Our results indicated that a rare variant in the POLR2G gene promoter is associated with decreased risk of PBC, with a high effect size in the Polish population. POLR2G encodes one of the subunits in the polymerase 2 RNA complex, which is responsible for transcribing protein coding genes, miRNAs, and some classes of non-coding RNAs [34] and maps to the 11q12.3 locus, within which variants associated with chronic obstructive pulmonary disease [35] and asthma [36] have been identified. We also identified a decreased risk for PCS (OR < 0.25) conferred by a single rare variant in the ADGRB3 gene and two rare variants (rs3822659 and rs9686714) in the WWC1 gene.
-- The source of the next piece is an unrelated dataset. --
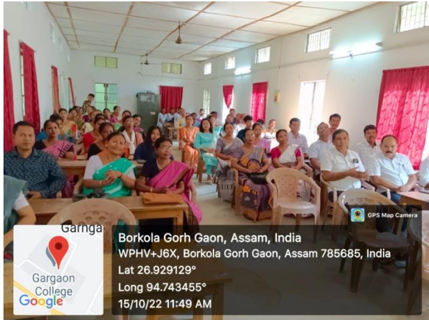
Gargaon Borkola Gorh Gaon, Assam, India WPHV+J6X, Borkola Gorh Gaon, Assam 785685, India Lat 26.929129° Long 94.743455° 15/10/22 11:49 AM

ADGRB3 encodes transmembrane adhesion G protein-coupled receptor B3 (BAI3), which is broadly expressed in the brain and involved in the regulation of excitatory synapse connectivity [37]. Furthermore, BAI3 can promote myoblast fusion in vertebrates [38]. A previous GWAS identified SNPs at the ADGRB3 locus as associated with early-onset venous thromboembolism [39]. WWC1 encodes the KIBRA protein that plays versatile roles including in the regulation of cellular signaling, cell polarity, vesicular trafficking, and cell migration and division [40]. Specifically, KIBRA is a regulator of the Hippo signaling pathway, which controls tissue growth and tumorigenesis by inhibiting cell proliferation and promoting apoptosis [41]. Notably, WWC1 hypermethylation occurs in 70% of B-cell acute lymphocytic leukemias [42] and its epigenetic silencing is also associated with unfavorable prognostic parameters in chronic lymphocytic leukemia [43]. Interestingly, the triggering of IL-6 trans-signaling, a process of aggregation of extracellular soluble IL-6 receptor and IL-6 associated with rheumatoid arthritis [44] and IBD [45], significantly increased WWC1 expression in human airway smooth muscle cells [46], suggesting a link between its expression and inflammatory diseases. Importantly, rs3822659 is a missense variant (Ser735Ala) that alters the interaction of KIBRA with phosphatidylinositol 3-phosphate [47]. Other GWASs have implicated SNPs in WWC1 as associated with memory performance and cognition [48], as well as Alzheimer’s disease [49].

Conclusions

To the best of our knowledge, we have performed the first GWAS of PBC and PSC patients from the Polish population. Our cost-effective GWAS approach, followed by individual genotyping, allowed us to confirm several previously described associations and discover new susceptibility loci associated with both diseases. Although GWASs allow scanning of the entire genome to identify disease risk alleles without prior knowledge of their position or biological function, the use of statistical, rather than biological, criteria for selection of association findings greatly limits our understanding of the role of newly identified variants related to disease development. More importantly, the contribution of the genetic landscape in the context of environmental factors, and interactions between these two influences in conferring susceptibility to disease, has yet to be elucidated.